“You said you had the intention to leave on the day after tomorrow. I ask you not to delay this departure. You must be gone for an entire month. I ask you not to shorten this voyage by even one day. Is that understood?”

 

“Yes, my father, I will obey you.”

 

It appeared to me that he was becoming extremely pale to the point that his lips no longer had any color. But I persuaded myself that his love must not be that strong, since he had made such a prompt submission. And I felt myself indescribably happy at this thought. In addition, I was sensitive to his docility.

 

“I find again the child that I loved,” I said to him softly, and pulling him towards me I placed my lips on his forehead. He pulled back a bit, but I did not want that to affect me.

10 March

 

Our house is so small that we are sometimes obliged to live as if we are on top of each other, and this is sometimes bothersome for my work even though I reserved a little room on the first floor where I can go and receive my visitors.
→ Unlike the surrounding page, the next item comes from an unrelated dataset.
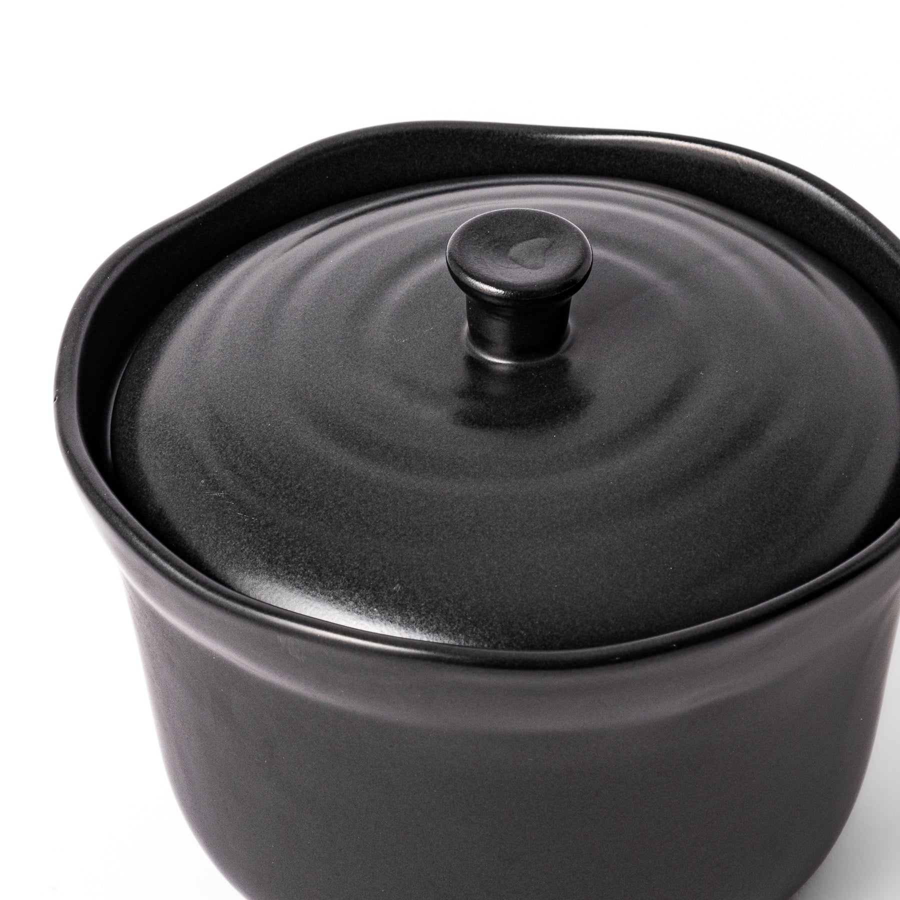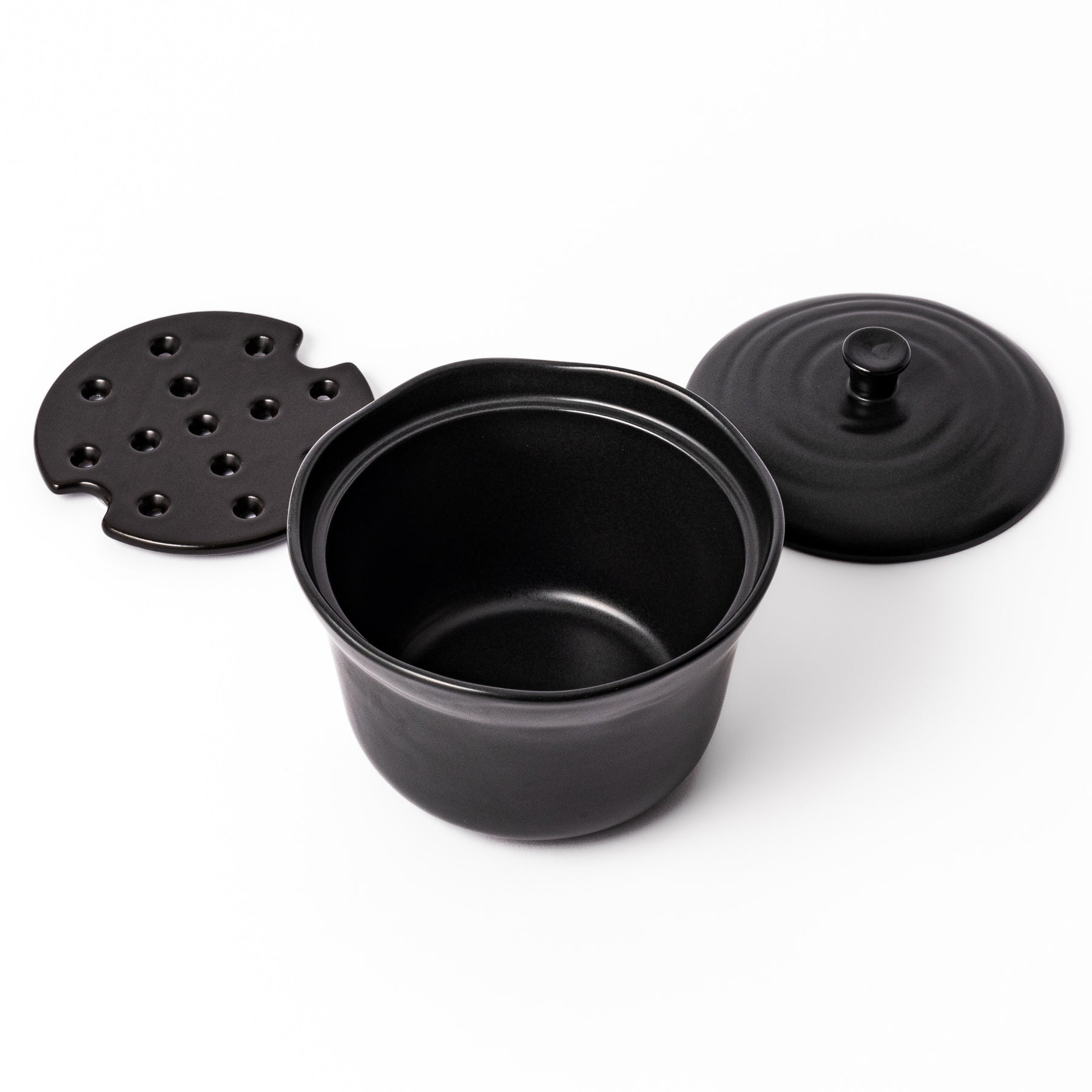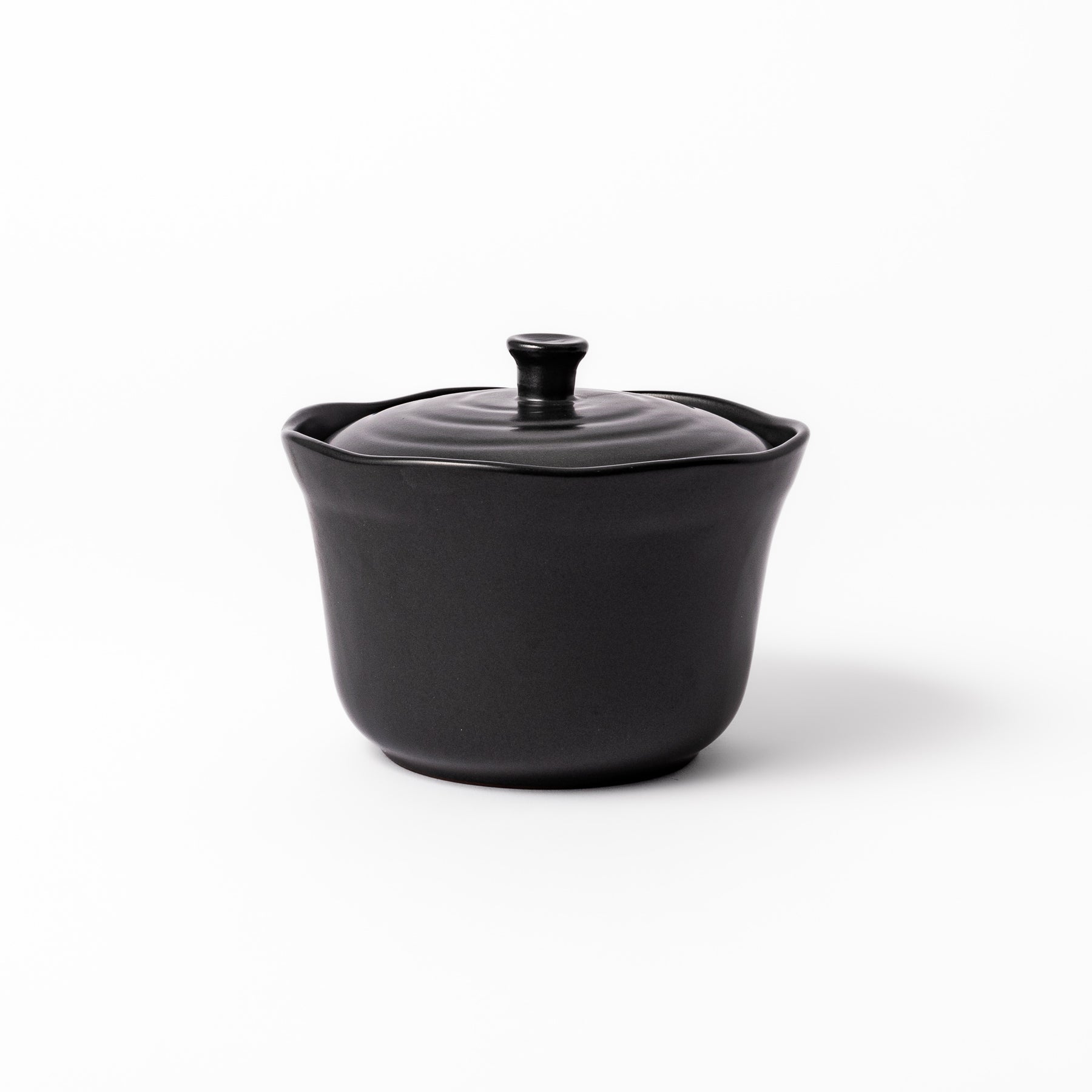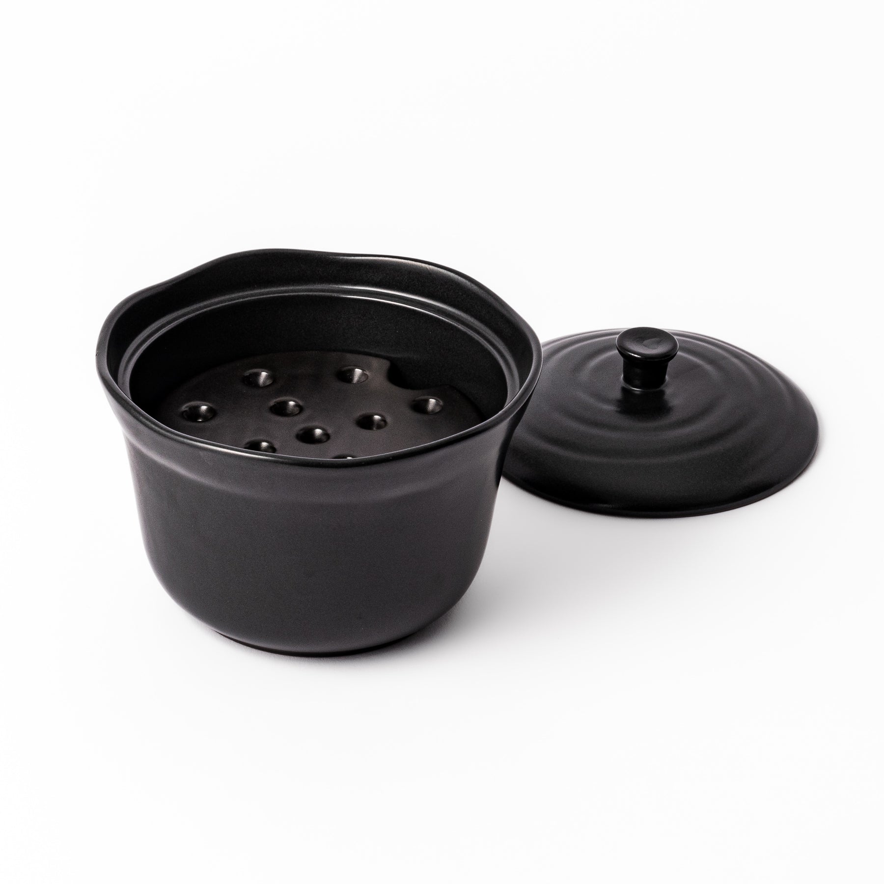 Freshly steamed rice, any time you want it. The Black Ceramic Floral Ridge Rice Storage Bowl (Ohitsu) is designed to preserve and revive rice with ease, turning chilled grains back into fluffy perfection. Its softly ridged, flower shaped rim and sleek black glaze bring quiet elegance to the table, while the unglazed interior absorbs excess moisture to restore light, tender texture when reheated.

It is also bothersome when I want to speak to one of my children in particular without wanting to give the meeting too much solemn emphasis as if the room would become a parlor where the children would jokingly call the Holy Place where it is forbidden for them to enter. But that same morning Jacques left for Neuchâtel where he had to buy some hiking boots, and since the weather was good, after lunch the children left with Gertrude whom they were leading along and who sometimes in turn led them. (I have the pleasure to note here that Charlotte is particularly close with her.) I found myself very naturally alone with Amélie at the time for tea which we always had together in the common room. This is what I wanted, because I had been waiting to speak to her. I am so seldom alone with her that I felt somewhat timid, and the importance of what I had to say to her troubled me as if it were not the confessions of Jacques that I wanted to speak of but my own. I also was wondering, before I began to speak, at what point two beings who live the same life together and who love each other can remain (or become) puzzling and separated from one another. In such cases the words spoken, be they those we speak to someone else or those someone else speaks to us, seem plaintively like soundings that warn us of the resistance of this separating partition which, if one is not careful, can grow thicker.

 

“Jacques spoke to me last evening and this morning,” I began, while she poured the tea, and my voice was as trembling as that of Jacques was assured yesterday. “He spoke to me of his love for Gertrude.”

 

“He did well to speak to you of it,” she said, without looking at me and continuing her work, as if I said something to her that was perfectly natural, or rather, as if I wasn’t telling her anything she didn’t already know.

 

“He spoke to me of his desire to marry her. His resolution…”

 

“That was expected,” she murmured while lightly shrugging her shoulders.

 

“So you suspected it?” I said a bit nervously.

 

“One could see it coming for a long time. But that is not the kind of thing that men notice.”

 

Since it would not serve any purpose to protest and since there was perhaps a bit of truth in her words, I simply objected,

 

“In that case, you should have alerted me.”

 

She had a tense little smile at the corner of her lips as she sometimes does when protecting her reticence, and while shaking her head obliquely she said,

 

“And if I had to alert you every time you didn’t notice something!”

 

What did that insinuation signify? That is what I did not know nor did I want to attempt to learn. I moved on. “So what I would like to hear is what you think about this.”

She sighed and then said,

 

“You know, my friend, that I never approved of the presence of this child among us.”

 

It was hard for me not to become irritated with her bringing up the past like that.

 

“This is not about the presence of Gertrude,” I said, but Amélie had already continued,

 

“I always thought that it would only result in annoyance.”

 

Feeling a great desire for conciliation, I leapt into this sentence,

 

“So you are against such a marriage. Good! That is what I wanted to hear from you. I am happy that we both have the same opinion.” I added that for the rest, Jacques had quietly submitted to the reasons that I gave him for abandoning his ideas, and so she no longer has anything to worry about. I added that he had agreed to leave tomorrow for the voyage that would keep him away an entire month.

 

“Since I am not worried any more than you are that he will find Gertrude again upon his return,” I said finally, “I thought it would be best if she would move in with Mlle de la M… at whose house I could continue to see her because I cannot deny that I have obligations towards her. I have already warned the new hostess, and she only wants to oblige us. And so you will be free of a presence that is painful for you. Louise de la M… will take care of Gertrude, and she seems delighted by the arrangement. She is happy that she can give her music lessons.”

 

Amélie seems to have decided to remain silent. I began again,

 

“Since we must avoid Jacques going to see Gertrude over there behind our backs, I believe that it would be good to warn Mlle de la M… of the situation, don’t you agree?”

 

I was trying to obtain a word from Amélie through this question, but she kept her lips closed as if she had sworn to say nothing. And I continued, not because I had anything else to add but because I could not support her silence.

 

“For the rest, perhaps Jacques will return from this voyage already cured of his love.